The saturated swelling amount in the direction of the thickness means as follows in the present invention. The recording medium is immersed for a specified time in a swelling solution containing an aqueous solvent, such as water, a mixed solvent of water with an aqueous organic solvent and an aqueous organic solvent, and a desired additive such as a surfactant. The surface layer is made to swell sufficiently until no more swelling to be in steady state. A difference between pre-swelling and post-swelling is measured by a micrometer. The measurement is made randomly at 30 portions with 3 cm or more separate from each other when converted to A4 size area. The average of the values (µm) is referred to a saturated swelling amount in the direction of the thickness in the present invention. As the base member is considered not to swell, the saturated swelling amount in the direction of the thickness is considered to represent the one of the surface layer. The time required to reach saturation state of swelling is determined individually depending on properties of surface layer, a kind of swelling solution etc.

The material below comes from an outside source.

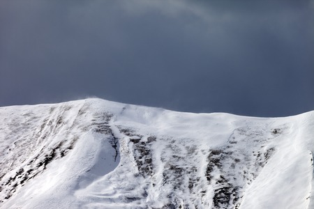 Off-piste slope and storm gray clouds. Caucasus Mountains, Georgia, ski resort Gudauri.

A swelling solution is supplied to the surface layer. Such a swelling solution as can swell the surface layer may be an aqueous solution, such as water, a mixed solvent of water with an aqueous organic solvent and an aqueous organic solvent. The swelling solution may contain a desired additive, such as a surfuctant. In the present invention, it is a great advantage that the printed materials can be removed with water. In the following description, the case of use of water is described.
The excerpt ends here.